I have a habit of watching old TV-series before bed and my latest project is Criminal Minds. The show is entertaining, although a little repetitive. But, it fits in just enough pseudo-intellectual ideas to stay engaging.
On the episode I watched last night, a neuroscientist, James Fallon kicks off the program by explaining his theory on the mind of a psychopath. Dr. Fallon claims that he has identified certain physiological changes that occur in the womb that deaden certain areas of the brain. A person born with this trait and further conditioned by repeated abuse or acts of violence are destined for psychopathic behavior and likely to become serial killers. I am sure my synopsis does far less justice to the theory than even the television show, but for my purpose the technicals of the argument are unimportant.
The interesting concept being explored here is the application materialism, or the idea that everything has its roots in the material world, including human personalities and intentions. A materialistic argument leaves the door open to both rationalizing and predicting human behavior; naturally it invokes a strong reaction from those who sit more in the ‘free will’ and ‘moral responsibility’ camps. After all, if the foundation of a psychopath is laid in the womb and the condition is triggered by environmental factors, it becomes exceedingly difficult to hand down punishment to the afflicted person.

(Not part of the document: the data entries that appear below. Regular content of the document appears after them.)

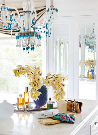 编辑点评:19世纪的法国枝形吊灯给加州比弗利山别墅的穿衣间带来一股蓝色的冲击。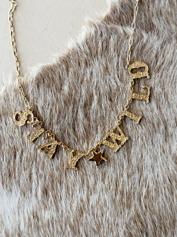 A little reminder to keep doing things your way — bold, untamed, and unapologetic. This gold-tone “Stay Wild” charm necklace adds subtle sparkle and everyday western energy to anything you throw on. Lightweight, easy to layer, and full of attitude without trying too hard.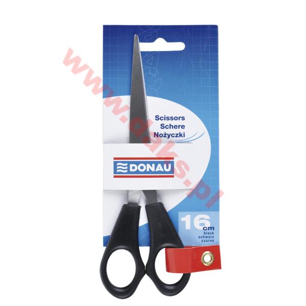 Nożyczki biurowe DONAU - 16cm/czarne/(1szt.)Nożyczki biurowe DONAU * wykonane z wysokiej jakości nierdzewnej stali * cechują się niezwykle wytrzymałą rączką odporną na pęknięcia i odpryski * rączka w kolorze czarnym * uniwersalne - do cięcia papieru, kartonu, tektury, zdjęć, taśmy samoprzylepnej, itp. * długość: 16cm * jednostka sprzedaży :1 sztuka -

The counter argument to this idea has always been that not all individuals raised in violent circumstances evolve into serial killers. Dr. Fallon’s argument (albeit on a television drama) is particularly interesting because it gives us a glimpse of the future: what happens when we deduce why some individuals raised in violent circumstances evolve into serial killers and some do not – and what if that reason is solidly outside of the realm of things we can assign accountability for? As we peel back the onion, it becomes harder and harder to support this counter argument.
My view is that social attitudes toward free will, justice and personal accountability will evolve slowly, slightly lagging the pace of the scientific (or material) discovers that raise these questions. Basically we are doomed to always live in a slightly uncomfortable spot of uncertainty; there really will be no ‘eureka’ moment that resolves these conflicts.
A prominent academic named Dr. Thomas Szasz has been trying to suppress these ‘materialistic’ ideas and their implications for some time through his anti-psychiatry movement (no matter how scary the materialism argument is to you, visiting the Scientologist sponsored CCHR website that works for Dr. Szasz’s vision should be equally as spooky). Wacky scientology website aside, Dr. Szasz’s fundamental beliefs seem to be strongly libertarian. For example, he rejects the idea of involuntary hospitalization of the mentally ill. Likewise, he believes that the right to drugs and the right to suicide are fundamental. While the headline may read that he denies the existence of mental illness, it really is less a denial of the phenomena of mental illness and more about its categorization.
My first, 10,000 foot, gut reaction to his views is that here is a man who has seen the vacuum created by rationalizing away human free will and has firmly rejected it on every front, despite the resulting absurdity of some of his views.
I am left with one thought about the paradox of human free will-moral responsibility-individual accountability and our fundamental nature as material beings: if we are able to rationalize, and in essence justify, socially abhorrent behavior on behalf of certain individuals due to circumstances beyond their control, can we also rationalize, and in essence justify – on similar grounds – a society that punishes such behavior and removes the offender?